Стапельная площадь нелегко далась Бунчужному. Пришлось убрать больше двух десятков старых домов, освободившееся место выровнять, покрыть асфальтом. В центре – огромная клумба. Она, как и цветники на площади Героев, была похожа на вытканный разноцветными узорами ковер и тоже искрилась. Прежде трамваи, автобусы и грузовики вечно скапливались тут перед мостом через Бинду. Особенно в часы «пик». А сейчас…
Ровным потоком вливался сюда транспорт из пяти улиц. Огибая клумбу, машины устремлялись к бетонному мосту. Мост назывался Кузнечным. Когда-то здесь было множество кузниц – и у причалов, и неподалеку на склоне, и выше, на кривых улочках, где ютился рабочий и торговый люд. В старину здесь было царство извозчиков. Тут ковали лошадей, обивали железом тяжелые грузовые повозки, так называемые биндюги, арбы и шарабаны, натягивали железные шины на колеса, ремонтировали баркасы и шаланды. В память об этих кузнях и назвали мост Кузнечным. Прежде он был деревянный. После того как «отгрохали» площадь, поставили этот – железобетонный. Перила его напоминают чугунную вязь оград ленинградских парков.

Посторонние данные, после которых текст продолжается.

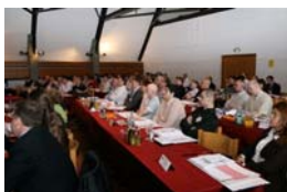
izobraževanje na EBRO

IZOBRAŽEVANJE V TUJINI dovolj povedano – samo še slike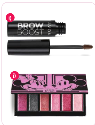
i) 191190 - Brow boost Gel para cejas dark brown 3,3 g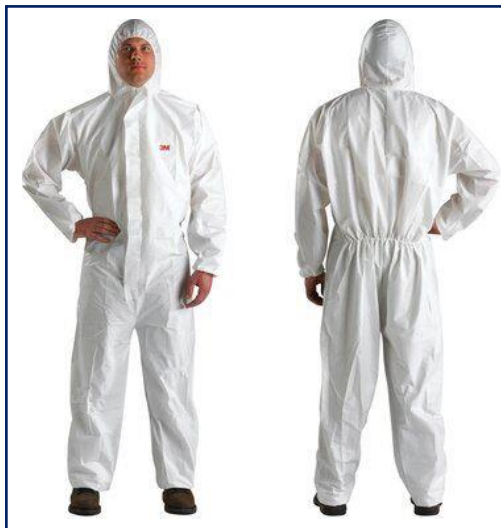
3M™ Prenda de protección 4510 TALLAS: M/L/XL/XXL/XXXL/XXXXL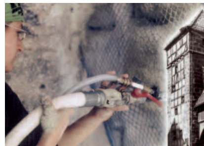
Denkmalschutz mit Poraver. Dem beschädigten Sandstein kann deutlich mehr Salz entzogen werden.

Monolith Bildhauerei und Steinrestaurierung GmbH Waizendorfer Straße 11 96049 Bamberg Tel.: 09 51 / 5 10 87 Fax: 09 51 / 5 55 38 E-Mail: info@monolith-steinrestaurierung.de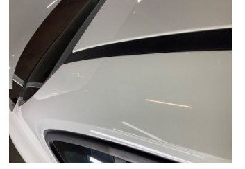
Kaporta, Sağ Üst Frangart > Ezik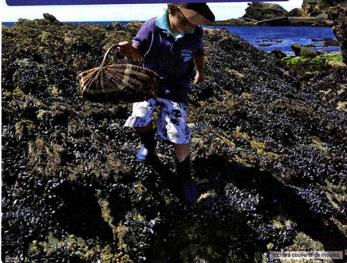
Rochers couverts de moules.

Quels sont les endroits pour pêcher à pied ? p. 2 : Des singes au comportement étrange p. 3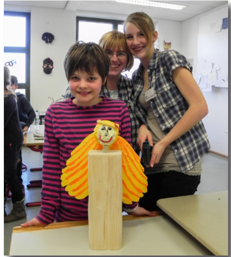
Stolz präsentiert ein Kind seinen gebastelten Engel

Danke an dieser Stelle an die Bäckerei Schauer für die Brezen- und den Fendsbacher Hof für die Holz-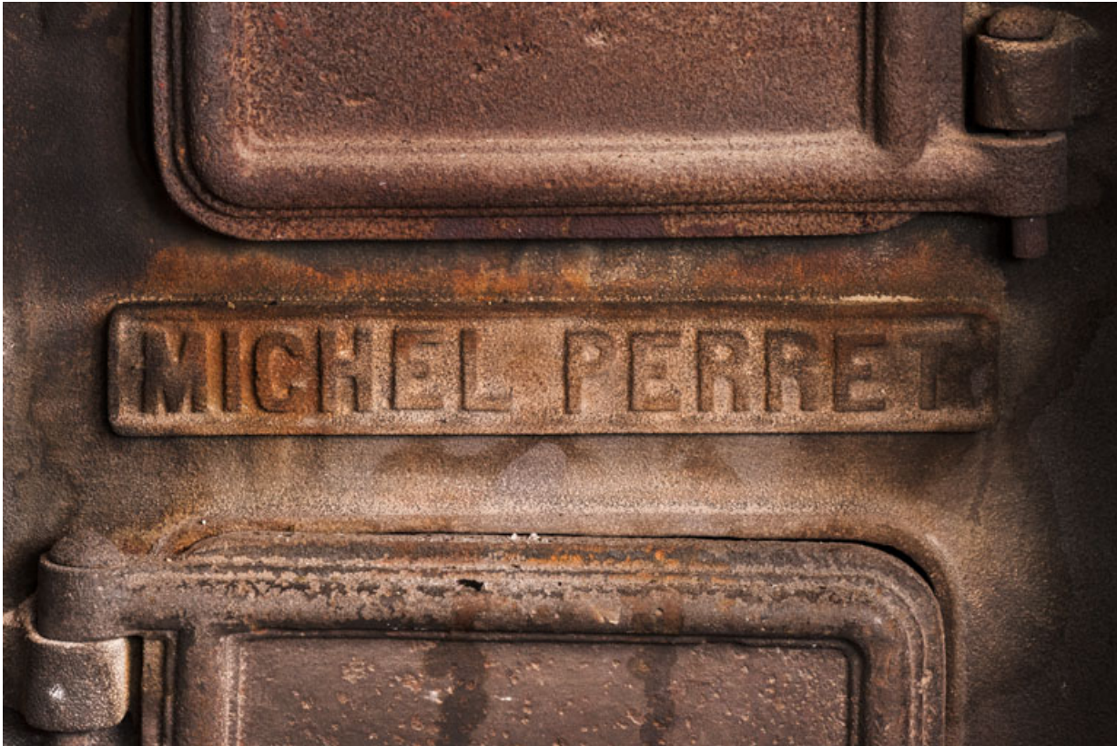
Calorifère au sous-sol, détail : plaque de firme ("Michel Perret"). 58, Pougues-les-Eaux, 130 avenue de Paris, lieudit : La Montjaie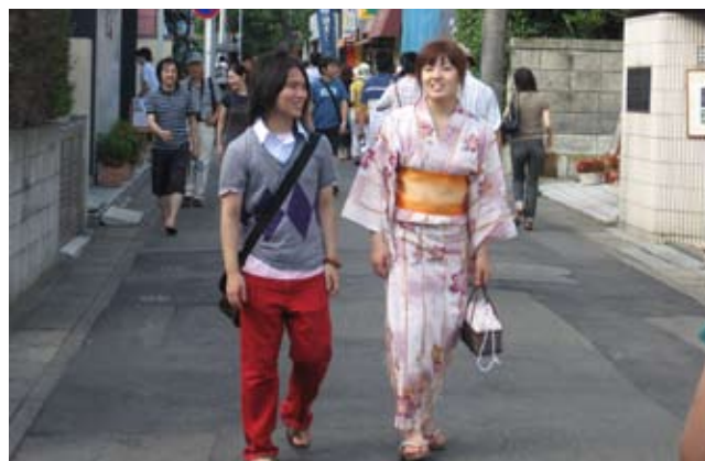
Japonka w kimono

Kimono to ubiór o prostym kroju, w kształcie litery T, przypominający nieco szlafrok. Rękawy są długie, zaś w okolicach nadgarstka także bardzo szerokie – nawet do pół metra. Według tradycji, kobiety nie mające męża powinny nosić kimono o wyjątkowo długich rękawach, sięgających niemal podłogi. Szata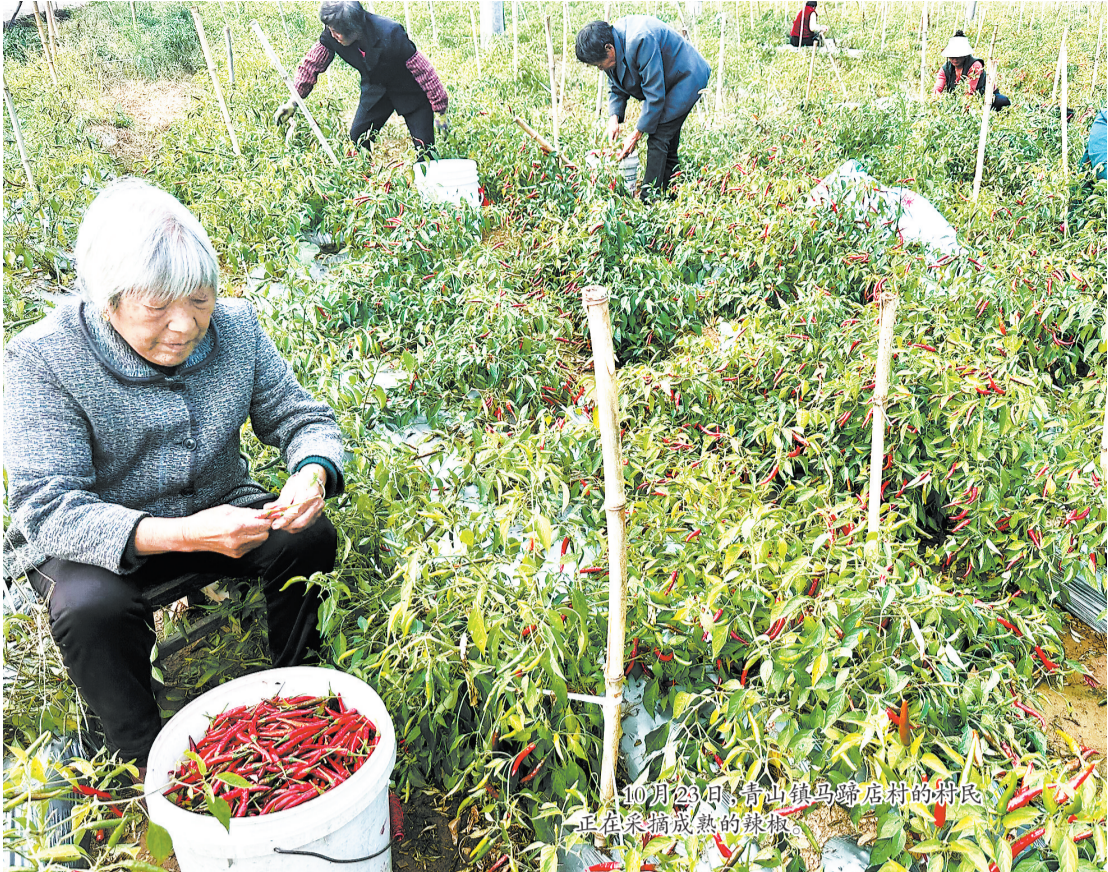
10月23日，青山镇马蹄店村的村民正在采摘成熟的辣椒。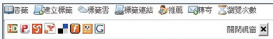
· 圖一、網路書籤服務圖示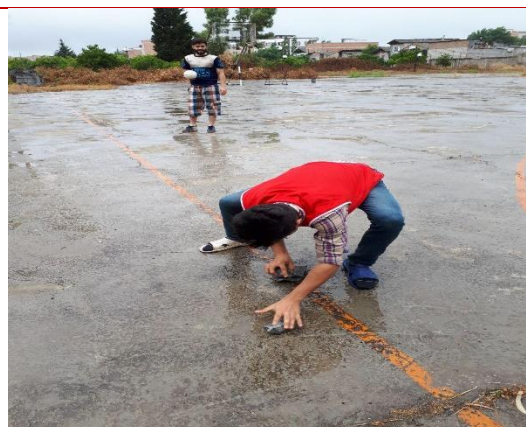
تصویر شماره ۱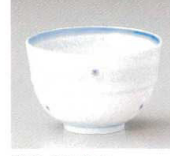
509-38-632 梅影反干茶 310円 8.4×5.5cm(170cc) 49746631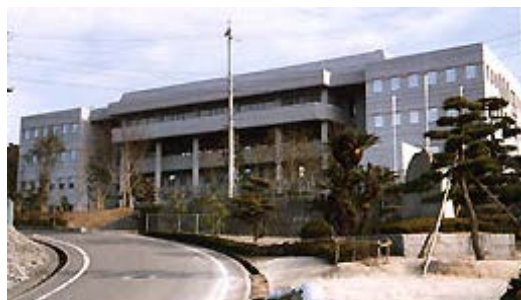
愛媛県農林水産研究所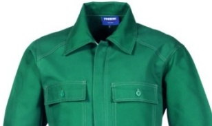
04 – VERDE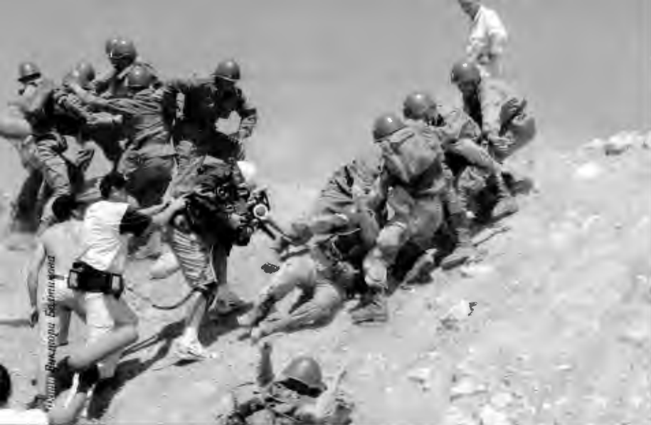
Фильм «Высота» Сергея Соловьева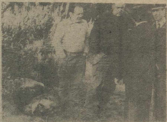
FREJUS.—La Policía investigando cerca de la jaula donde estaban los cuatro leones que hubieron de ser muertos a tiros, en el zoo de Frejus, después de que habían devorado a dos hombres.—.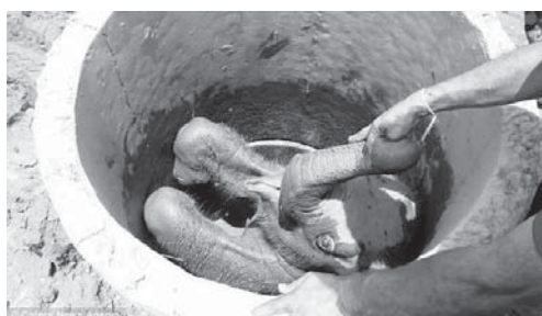
metrash brenda pusit në Ampara, Sri Lanka. Një ekip shpëtimi erdhi në vendngjarje pasi fshatarët lëshuan alarmin.

Një elefant i vogël ka rënë brenda një pusi në përpjekje për të pirë ujë. Rënkimet e katërmujshit për ndihmë u dëgjuan nga banorët e zonës të cilët e gjetën në një thellësi prej 1.8

Не умещаясь на тротуарах, захватывая порой проезжую часть, к заводу валил народ – с ближайших улиц и отдаленных. Даже из центра. Эти тоже нередко предпочитали идти пешком. С транспортом в городе, сколько помнит Бунчужный, всегда было трудно. Людской поток с моста выплескивался на широкую Корабельную улицу, что на Крамольном острове уже. Машина вышла сюда, потом свернула в глухой Вымпельный переулок, ведущий к центральной проходной. И тут бордюр тротуара был выкрашен в белый цвет. «Ширин, как всегда, перестарался, – думал Бунчужный. – Бордюр можно бы и не красить».
– Долго нам еще с чистой шеей ходить? – спросил Дима с насмешкой в голосе.

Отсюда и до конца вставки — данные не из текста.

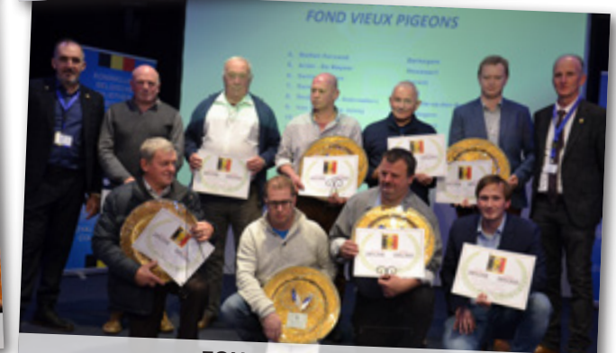
FOND OUDE DUIVEN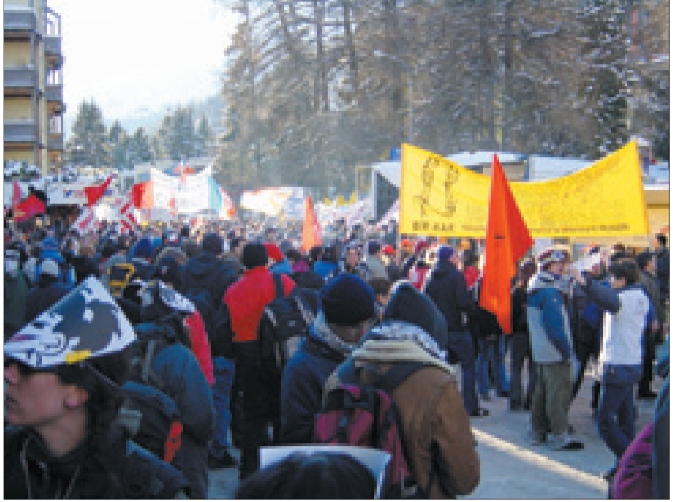
Basel'deki platform İsviçre İşçi Partisi (Neue PdA), TKİP ve Sosyalist Emek Hareketi bileşiminden oluşuyordu. Bu platform bir hafta önce Almanca ve Türkçe bir çağrı bildirisi dağıttı ve bildiri birçok

Davos'ta yapılacak Forum'u Forum karşıtları da yoğun bir hazırlıkla karşıladılar. Yapılacak olan protesto gösterilerinin hazırlığı 34 örgütün oluşturduğu "Olten Birliği" tarafında örgütlendi. Bunu hemen tüm büyük merkezlerde oluşan yerel platformlar tamamladı ve tüm hazırlıklar "Olten Birliği" ile koordineli bir şekilde yürütüldü.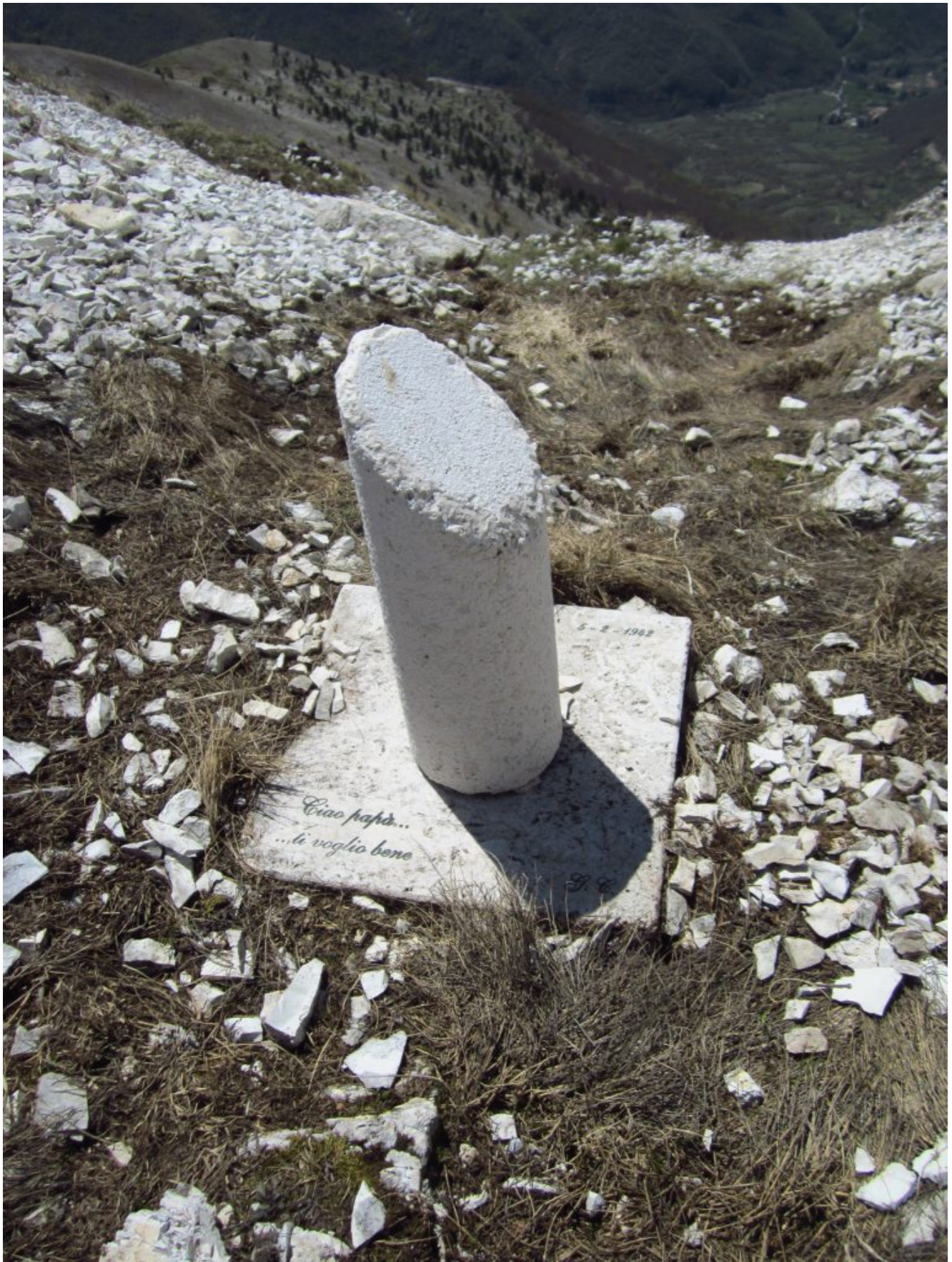
44- Al Passo Cattivo, proprio nei pressi di una frana, una lapide ricordativa di un amante dei nostri Monti scomparso.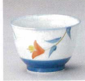
511-8-922 コス巻芦絵千茶(有田焼) 460円 8×6cm(120cc) 10入 51108922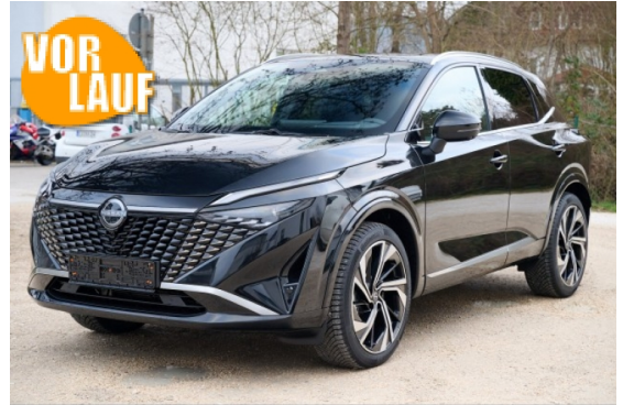
Tagesangebot Nr. K-107980 vom 17.03.2025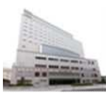
ホテルグリーンパーク津(三重)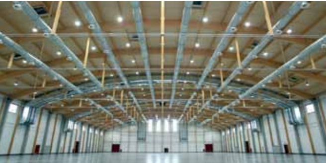
Messehalle Sinsheim. Architekt Luise Layer

Opening up horizons, transcending dimensions, and doing so with seemingly no effort. Building landscapes. Making emotions and thoughts perceptible. Meeting needs that go well beyond the norm. That conceals the desire to resolve special tasks and the joy of helping complex issues to be realised.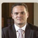
Ticiano Figueiredo Presidente do Instituto de Garantias Penais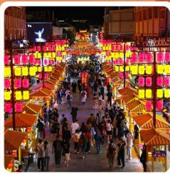
ตลาดกลางคีนซาโจว

Тарас Игнатьевич хотел было сказать, что гостей положено встречать в прибранном помещении, около дома подмести и шею вымыть… Но вместо этого покосился на белый бордюр, на котором чья-то варварская рука вывела углем короткие и выразительные в своем неприличии слова.
– А шея-то уже подзагрязнилась, – бросил он сердито и добавил: – Сукины дети, даже буквы писать как следует не научились.
– Прикажите Ширинкину. Он в два счета перекрасит заново. Только надо не в белый, а в черный, чтоб художества углем не так в глаза бросались.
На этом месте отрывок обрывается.